### What you have to do
What is needed here is an exact repetition of the records below, beginning at the line that has "移动与应用开发专业2305班" and stopping after the line that has "最好用红色的纸哦!(家里没了".

** Record set follows **

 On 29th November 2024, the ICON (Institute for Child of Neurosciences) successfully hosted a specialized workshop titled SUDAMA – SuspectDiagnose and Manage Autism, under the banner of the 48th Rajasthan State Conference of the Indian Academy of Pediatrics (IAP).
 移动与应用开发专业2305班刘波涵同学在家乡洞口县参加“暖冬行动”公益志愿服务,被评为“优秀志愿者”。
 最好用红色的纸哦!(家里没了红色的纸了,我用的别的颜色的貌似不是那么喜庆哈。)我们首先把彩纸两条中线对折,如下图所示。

** End of Record set **
** Record set follows **

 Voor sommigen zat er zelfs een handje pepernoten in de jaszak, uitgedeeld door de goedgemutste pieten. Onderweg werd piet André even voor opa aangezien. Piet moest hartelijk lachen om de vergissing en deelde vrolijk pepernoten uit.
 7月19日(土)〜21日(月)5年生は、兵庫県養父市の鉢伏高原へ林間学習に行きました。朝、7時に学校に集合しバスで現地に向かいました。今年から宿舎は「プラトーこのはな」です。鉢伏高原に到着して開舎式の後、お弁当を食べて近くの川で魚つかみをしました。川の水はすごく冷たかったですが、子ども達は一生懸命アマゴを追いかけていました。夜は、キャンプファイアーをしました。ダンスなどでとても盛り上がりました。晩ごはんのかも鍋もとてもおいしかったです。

** End of Record set **
** Record set follows **

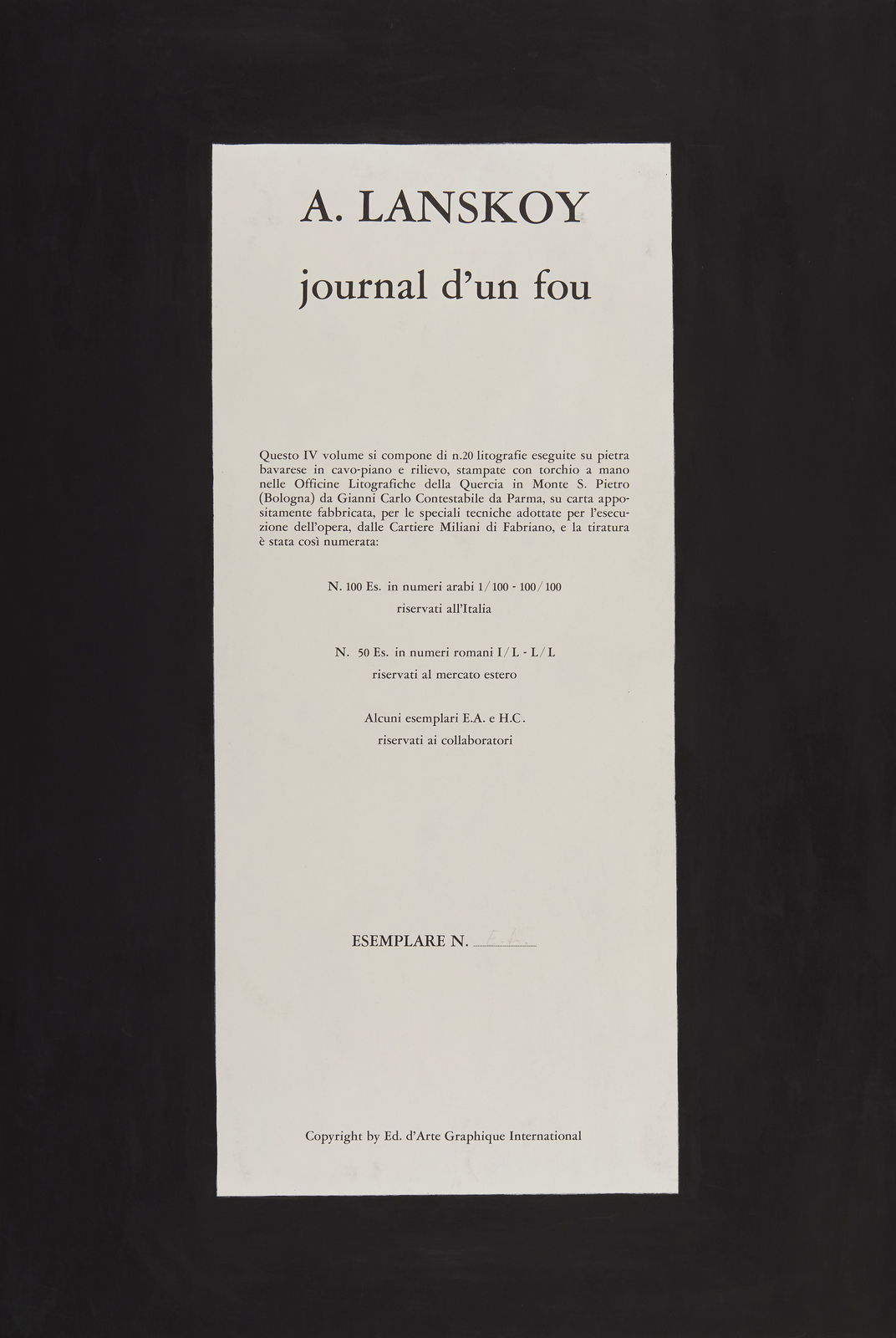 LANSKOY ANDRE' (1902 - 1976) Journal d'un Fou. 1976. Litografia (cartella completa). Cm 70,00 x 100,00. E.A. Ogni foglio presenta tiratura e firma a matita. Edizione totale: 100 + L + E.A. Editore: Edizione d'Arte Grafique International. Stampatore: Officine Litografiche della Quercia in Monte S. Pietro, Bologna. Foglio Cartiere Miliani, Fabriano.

** End of Record set **

### Result below
 移动与应用开发专业2305班刘波涵同学在家乡洞口县参加“暖冬行动”公益志愿服务,被评为“优秀志愿者”。
 最好用红色的纸哦!(家里没了红色的纸了,我用的别的颜色的貌似不是那么喜庆哈。)我们首先把彩纸两条中线对折,如下图所示。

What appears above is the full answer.